A wireless power supply system for automobile smart tires

technical field

The invention relates to the field of automobile tire safety equipment, in particular to a wireless power supply system for automobile intelligent tires.

Background technique

Smart tires are the future development trend of the tire industry. Installing electronic modules such as sensors and signal processing inside tires is an important means to realize tire intelligence. However, how to provide continuous and reliable power supply for the above-mentioned electronic modules is a problem that must be solved.

At present, direct power supply using button batteries is the most mainstream way. The size of the button battery is small, although it can meet the space constraints in the tire, but the capacity of the button battery is generally not very large, about 500mAh to 1000mAh. This limits its service life. Usually, the lifespan of the button battery that supplies power to the sensor is about 3 years, and it is difficult to provide the full-life power demand for the smart tire. However, if a battery with a larger size and battery capacity is used, on the one hand, it will cause certain difficulties in the installation and use of the tire, and on the other hand, it will also cause certain potential safety hazards.

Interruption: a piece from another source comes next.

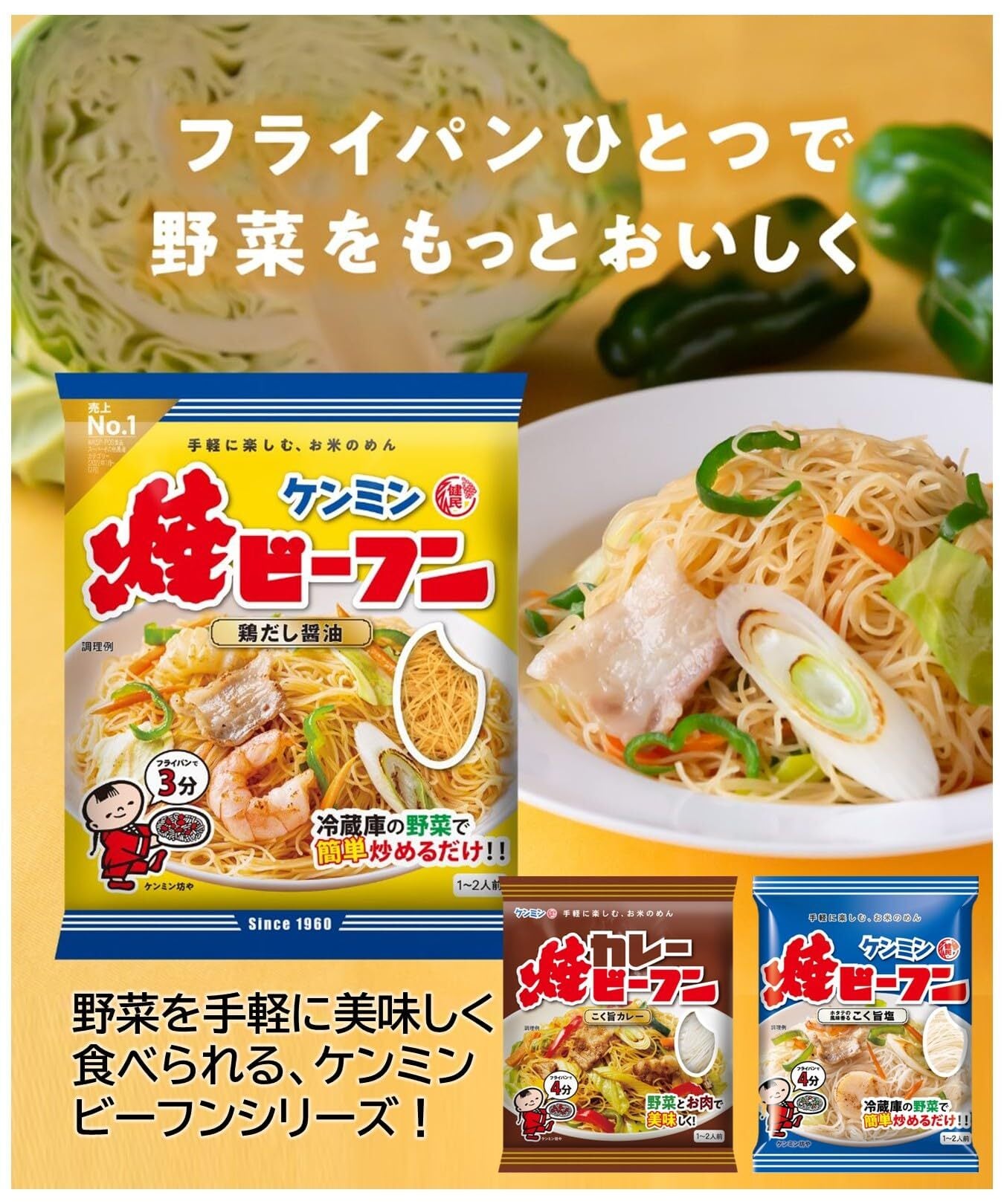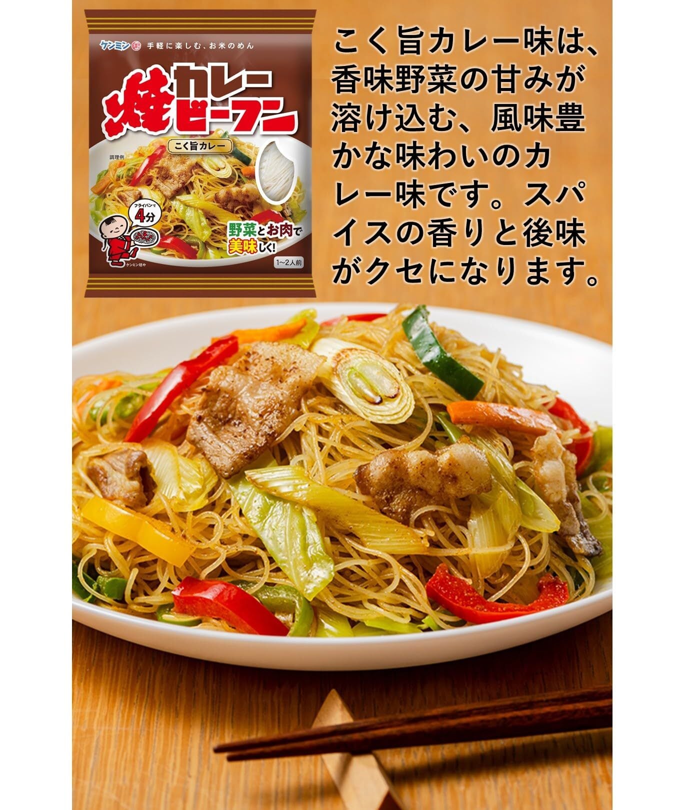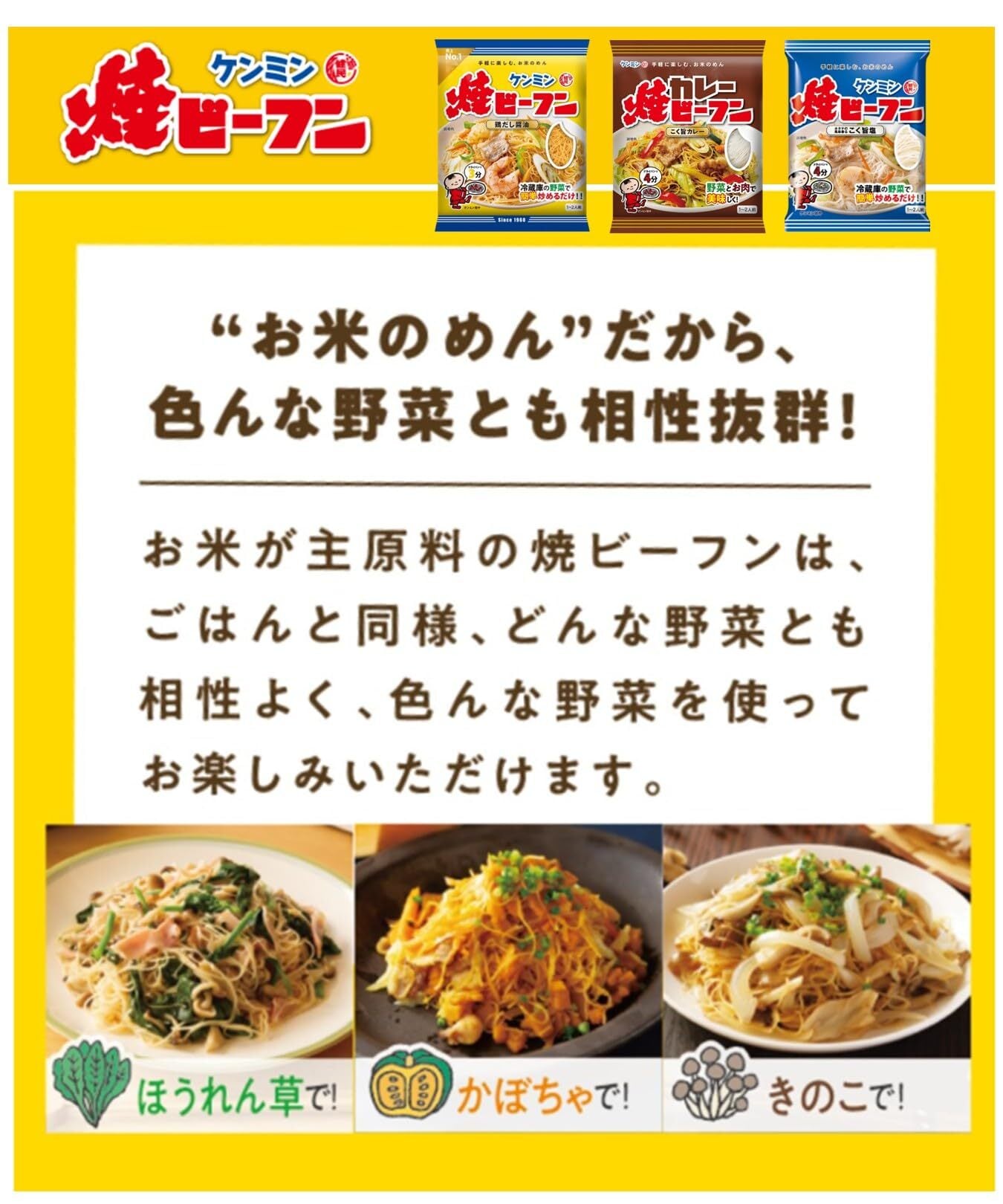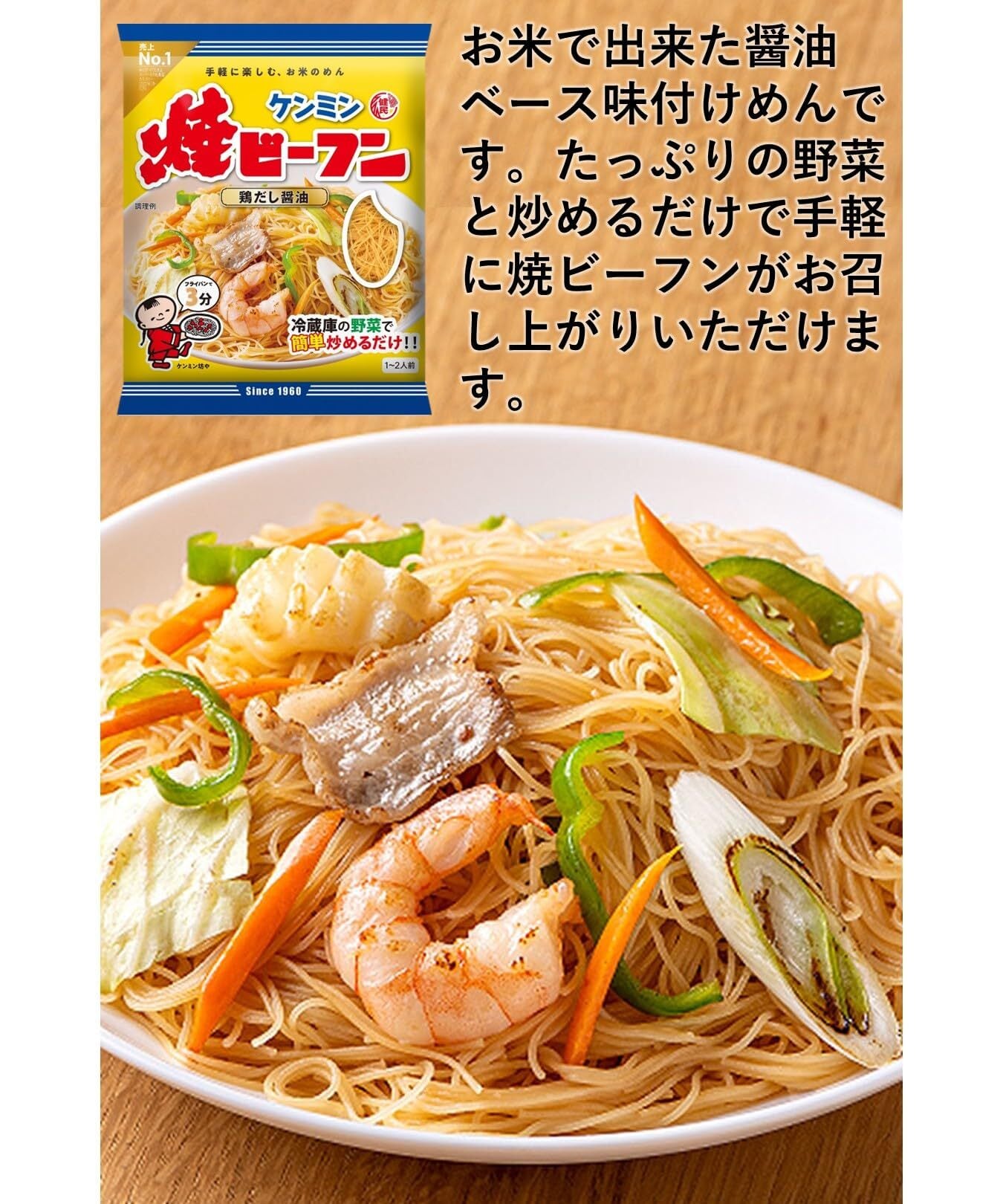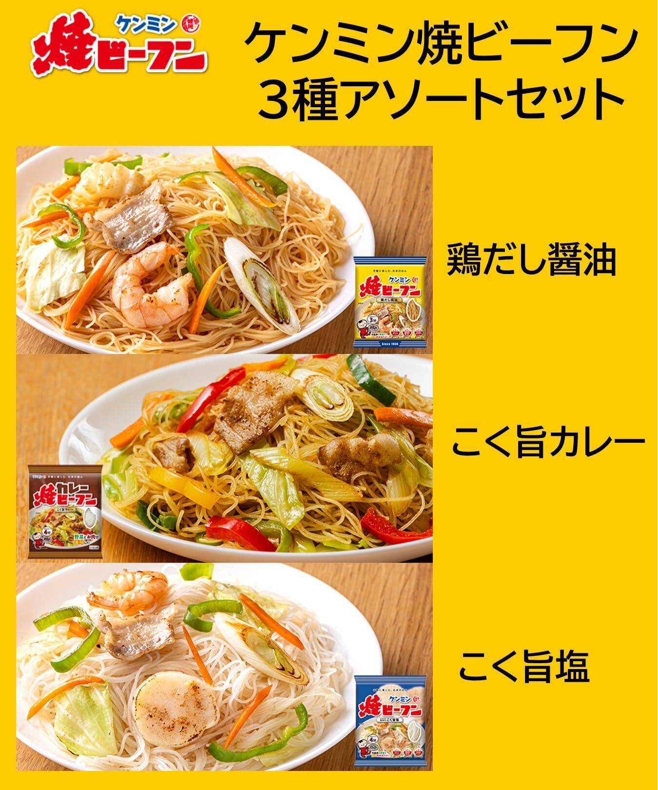ケンミンの3種類の焼きビーフンのお味を楽しめる3種アソートです。【鶏だし醤油】1960年生まれのロングセラー商品。味付タイプのビーフンなので、ゆで戻す手間がいりません。フライパンでも電子レンジでも簡単に調理できるノンフライめん。ダイエットにうれしい低GI食品です。 【こく旨塩】チキンベースに「豚脂のこく」と「ホタテの風味」を加え、アクセントに「生姜」や「ごま油」の風味をバランスよく効かせました。ホタテの風味香るこく旨塩で、野菜をもっと美味しく、飽きのこないやさしい塩味です。 【こく旨カレー】たっぷりの野菜を炒め、カレーパウダーとからめるだけでカレー味の焼ビーフンが召し上がりいただけます。こく旨カレー味は、香味野菜の甘みが溶け込む、風味豊かな味わいのカレー味です。

For example, the harsh working environment inside the tire also poses a challenge to this direct power supply method. When the car is running, the temperature inside the tire can reach 100°C or even higher, and the air pressure can reach 500kPa. Under the condition of high temperature and high pressure, the service life of the battery will be greatly reduced, and even deformation and burst will occur, which will cause serious safety hazards to the driving of the car.

In addition, due to the weight of the battery, if a battery with a larger size and capacity is used, the dynamic balance of the tire will also be affected. The sensors and batteries installed inside the tire are actually fixed on the inner surface of the tire and are part of the smart tire itself, so the density of the smart tire is not uniform on the entire circumference. If the whole device is too heavy, the corresponding balance weight on the tire is also very heavy. Sometimes this kind of balance weight cannot be found, so the smaller the quality of the sensor and battery part, the better. The weight of the sensor element itself is very small, and most of the weight is They are all concentrated on the battery. Therefore, in order to ensure the dynamic balance of the smart tire, the most important way is to reduce the weight of the battery or use an indirect power supply mode.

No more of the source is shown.